======== Data extracts
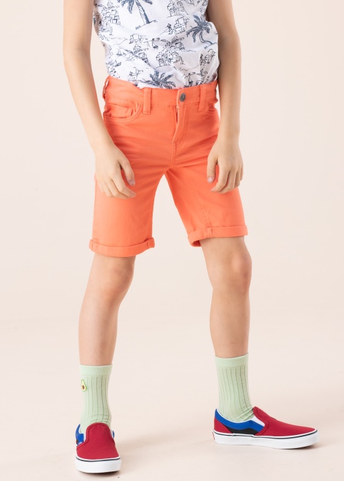 Slim lõikega Name It lühikesed püksid Sofus on mitmekülgne rõivaese, mida kanda suvel nii igapäevaselt kui ka mõnel tähtsamal sündmusel. Püksid kinnituvad jalga metalse haagiga ja tõmblukuga, esi- ja tagaküljel kaks avatud tegumoega taskut. Parema istuvuse loomiseks on vöökohta võimalik reguleerida sisemuses oleva tunnelkummiga ning tagasipööratud sääred loovad rõivale omase kuju ja viisaka väljanägemise. Puuvillane kangas on tõeliselt mugav ja nahasõbralik! Modelli pikkus on 130 cm ja kannab suurust 122.
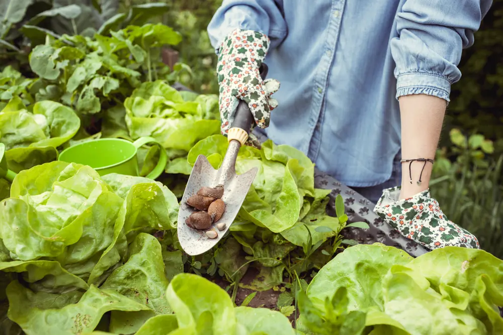 Verplant jonge koolplanten van het wachtbed naar hun definitieve plek, met 50–60 cm tussenruimte. Zaai rondom de planten een cirkel van tuinkers of gemengde pluksla; oogst deze bladgroenten voordat de kool te groot wordt.
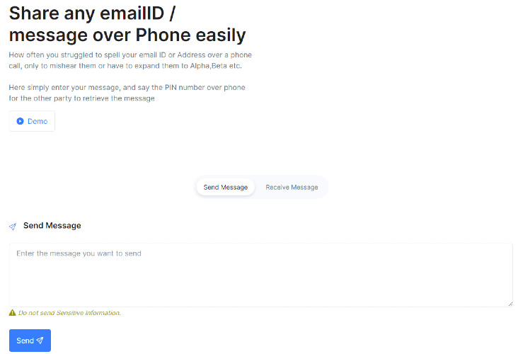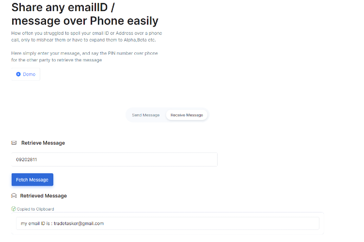 How often you struggled to spell your email ID or Address over a phone call, only to mishear them or have to expand them to Alpha,Beta etc. Here simply enter your message, and say the PIN number over phone for the other party to retrieve the message
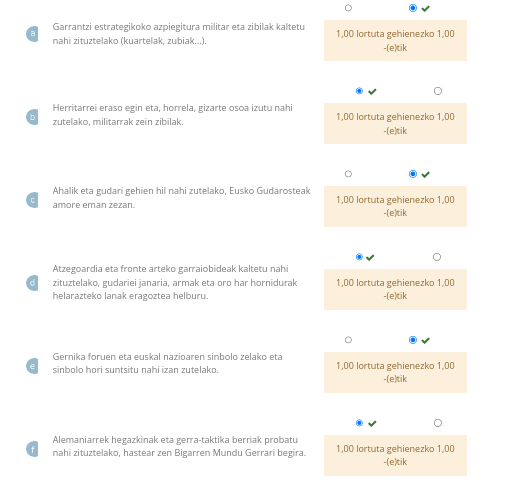 | Eusko jaurlaritza | 1936ko urrian | Gernikan | Errepublikako bandoa (Madriletik Azañak), Euskal Gizartea. | Euskaldunak gure autonomia eta eskubideak lortu zituzten. Euskaldunok kudeatzea beraien kontuak eta eusko gudarostea sortu zuten. |
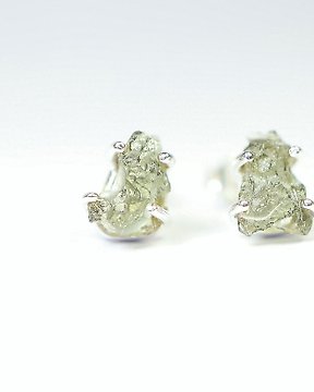 2 boucles d'oreilles en Moldavite / brut / neuf 925 argent sterling - 1.34 g - (2)
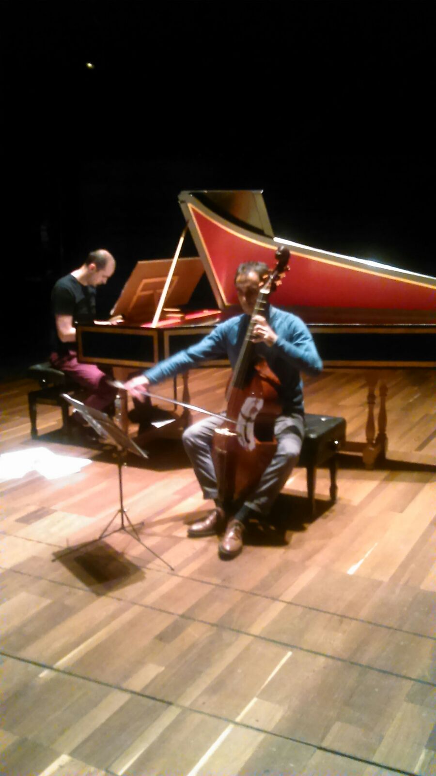 En escena, Vittorio Ghielmi con su viola da gamba de 7 cuerdas, y Daniel Oyarzabal improvisando y acompañando al clave. Pudimos apreciar el diferente estilo que adoptó la viola da gamba en los compositores renacentistas españoles, en contraste con el estilo elegante, serio, idiomático y señorial que se creó en Francia. El estilo francés consideró que la viola era como una voix humaine, y por tanto, que debía traducir en música los afectos y emociones que se expresaban oralmente en la lengua francesa. Para ello, M. Marais, uno de los compositores de ayer, le añadió la séptima cuerda grave, para emparentar aun más al instrumento con el timbre humano.
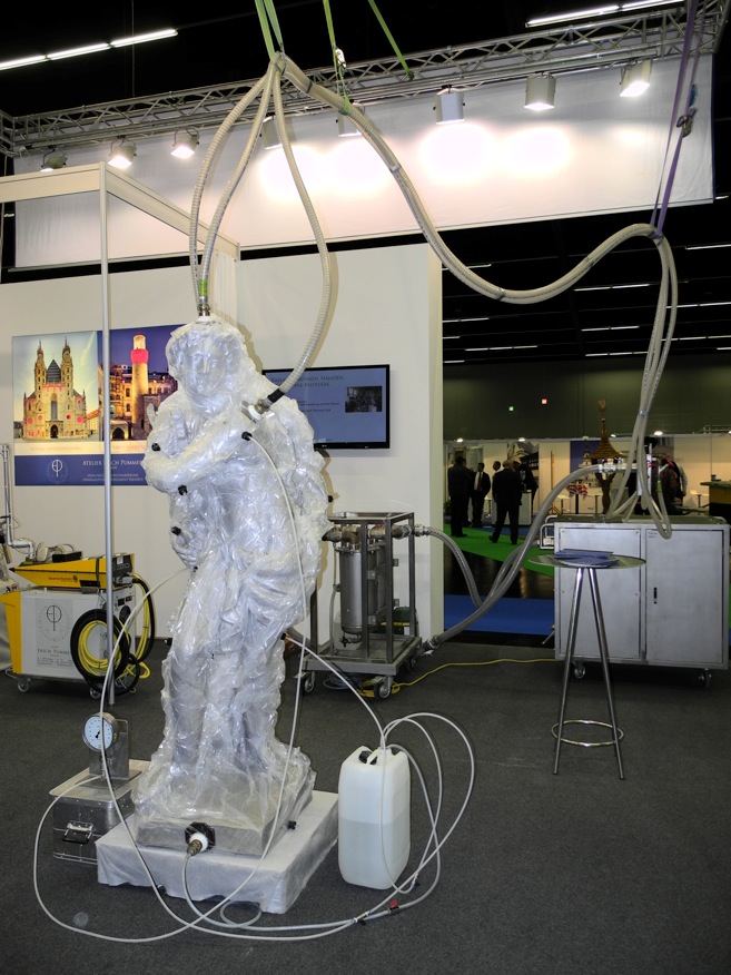 Managing Director Erich Pummer, Bmstr DI (FH) DI Ewald Zederbauer, Ernst Wandl and Mag. Michael Soska were available for questions and presented live the patented Vacuum-Consolidation-Method (VAC) and the natural stone cleaning using laser technology. Likewise, positive and negative of various impressions and an original, already restored Gothic baptismal font were exposed.
================
— What you have to do —
Print the data exactly, from its first line to the line containing "En escena, Vittorio", both included. Omit the pictures.

— Exercise result —
 Slim lõikega Name It lühikesed püksid Sofus on mitmekülgne rõivaese, mida kanda suvel nii igapäevaselt kui ka mõnel tähtsamal sündmusel. Püksid kinnituvad jalga metalse haagiga ja tõmblukuga, esi- ja tagaküljel kaks avatud tegumoega taskut. Parema istuvuse loomiseks on vöökohta võimalik reguleerida sisemuses oleva tunnelkummiga ning tagasipööratud sääred loovad rõivale omase kuju ja viisaka väljanägemise. Puuvillane kangas on tõeliselt mugav ja nahasõbralik! Modelli pikkus on 130 cm ja kannab suurust 122.
 Verplant jonge koolplanten van het wachtbed naar hun definitieve plek, met 50–60 cm tussenruimte. Zaai rondom de planten een cirkel van tuinkers of gemengde pluksla; oogst deze bladgroenten voordat de kool te groot wordt.
 How often you struggled to spell your email ID or Address over a phone call, only to mishear them or have to expand them to Alpha,Beta etc. Here simply enter your message, and say the PIN number over phone for the other party to retrieve the message
 | Eusko jaurlaritza | 1936ko urrian | Gernikan | Errepublikako bandoa (Madriletik Azañak), Euskal Gizartea. | Euskaldunak gure autonomia eta eskubideak lortu zituzten. Euskaldunok kudeatzea beraien kontuak eta eusko gudarostea sortu zuten. |
 2 boucles d'oreilles en Moldavite / brut / neuf 925 argent sterling - 1.34 g - (2)
 En escena, Vittorio Ghielmi con su viola da gamba de 7 cuerdas, y Daniel Oyarzabal improvisando y acompañando al clave. Pudimos apreciar el diferente estilo que adoptó la viola da gamba en los compositores renacentistas españoles, en contraste con el estilo elegante, serio, idiomático y señorial que se creó en Francia. El estilo francés consideró que la viola era como una voix humaine, y por tanto, que debía traducir en música los afectos y emociones que se expresaban oralmente en la lengua francesa. Para ello, M. Marais, uno de los compositores de ayer, le añadió la séptima cuerda grave, para emparentar aun más al instrumento con el timbre humano.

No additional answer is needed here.